◆ **DIRECTIONS**
Beneath this line sits some data. Return only its lines from the one holding "غذاساز ۳۱ کاره" through the one holding "162x102x80) (lievi difetti)", inclusive, exactly, with the images removed.
(DATA EXCERPTS Opens)
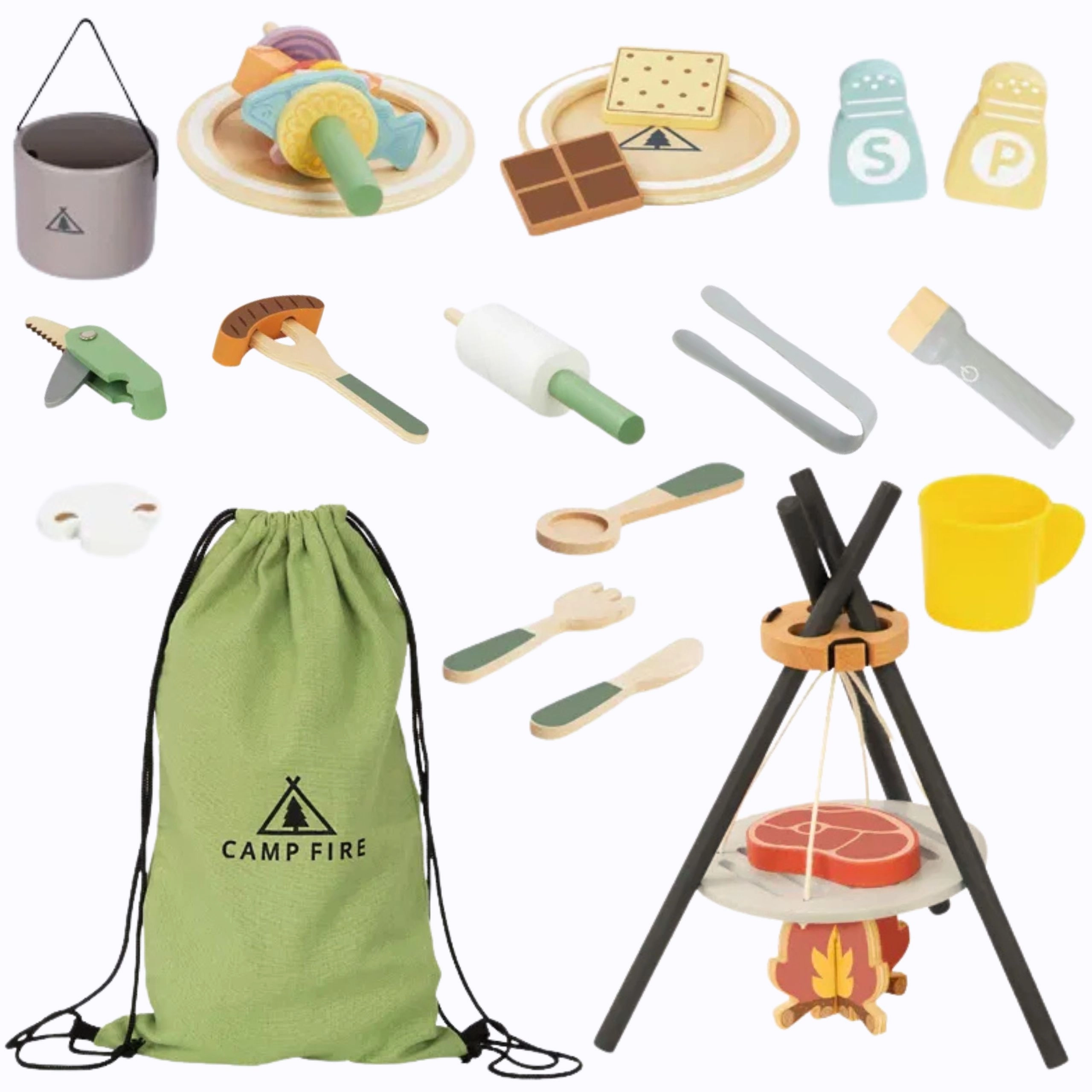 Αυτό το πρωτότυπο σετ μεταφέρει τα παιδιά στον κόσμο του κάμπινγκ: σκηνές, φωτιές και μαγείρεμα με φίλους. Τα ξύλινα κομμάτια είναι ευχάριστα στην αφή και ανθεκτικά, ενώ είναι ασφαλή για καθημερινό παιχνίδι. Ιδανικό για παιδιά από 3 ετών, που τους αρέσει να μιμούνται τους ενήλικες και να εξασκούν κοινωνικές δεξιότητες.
(DATA EXCERPTS Closes)
(DATA EXCERPTS Opens)
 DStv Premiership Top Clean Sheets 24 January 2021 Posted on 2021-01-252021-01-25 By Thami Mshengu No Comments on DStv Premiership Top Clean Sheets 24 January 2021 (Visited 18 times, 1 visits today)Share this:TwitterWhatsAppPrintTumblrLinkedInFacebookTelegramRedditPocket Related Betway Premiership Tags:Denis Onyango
(DATA EXCERPTS Closes)
(DATA EXCERPTS Opens)
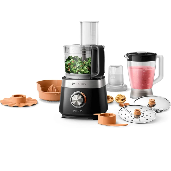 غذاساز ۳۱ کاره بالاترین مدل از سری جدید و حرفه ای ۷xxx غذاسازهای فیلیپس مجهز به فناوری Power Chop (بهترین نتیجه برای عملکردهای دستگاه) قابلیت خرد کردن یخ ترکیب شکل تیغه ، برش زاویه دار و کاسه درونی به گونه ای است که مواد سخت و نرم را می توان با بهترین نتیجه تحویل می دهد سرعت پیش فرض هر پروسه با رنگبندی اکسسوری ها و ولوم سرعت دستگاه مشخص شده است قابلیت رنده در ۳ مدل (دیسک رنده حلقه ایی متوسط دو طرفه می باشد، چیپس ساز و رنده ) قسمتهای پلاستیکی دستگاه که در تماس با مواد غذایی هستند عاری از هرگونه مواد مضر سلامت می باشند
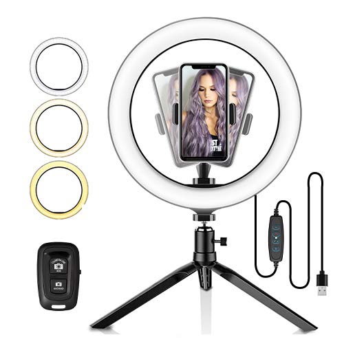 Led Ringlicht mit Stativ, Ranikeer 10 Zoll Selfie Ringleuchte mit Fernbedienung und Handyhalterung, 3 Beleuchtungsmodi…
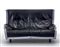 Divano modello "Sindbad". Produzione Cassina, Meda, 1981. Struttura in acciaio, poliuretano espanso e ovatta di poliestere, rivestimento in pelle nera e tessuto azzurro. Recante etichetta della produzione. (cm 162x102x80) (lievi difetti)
(DATA EXCERPTS Closes)
◆ **REPLY**
 غذاساز ۳۱ کاره بالاترین مدل از سری جدید و حرفه ای ۷xxx غذاسازهای فیلیپس مجهز به فناوری Power Chop (بهترین نتیجه برای عملکردهای دستگاه) قابلیت خرد کردن یخ ترکیب شکل تیغه ، برش زاویه دار و کاسه درونی به گونه ای است که مواد سخت و نرم را می توان با بهترین نتیجه تحویل می دهد سرعت پیش فرض هر پروسه با رنگبندی اکسسوری ها و ولوم سرعت دستگاه مشخص شده است قابلیت رنده در ۳ مدل (دیسک رنده حلقه ایی متوسط دو طرفه می باشد، چیپس ساز و رنده ) قسمتهای پلاستیکی دستگاه که در تماس با مواد غذایی هستند عاری از هرگونه مواد مضر سلامت می باشند
 Led Ringlicht mit Stativ, Ranikeer 10 Zoll Selfie Ringleuchte mit Fernbedienung und Handyhalterung, 3 Beleuchtungsmodi…
 Divano modello "Sindbad". Produzione Cassina, Meda, 1981. Struttura in acciaio, poliuretano espanso e ovatta di poliestere, rivestimento in pelle nera e tessuto azzurro. Recante etichetta della produzione. (cm 162x102x80) (lievi difetti)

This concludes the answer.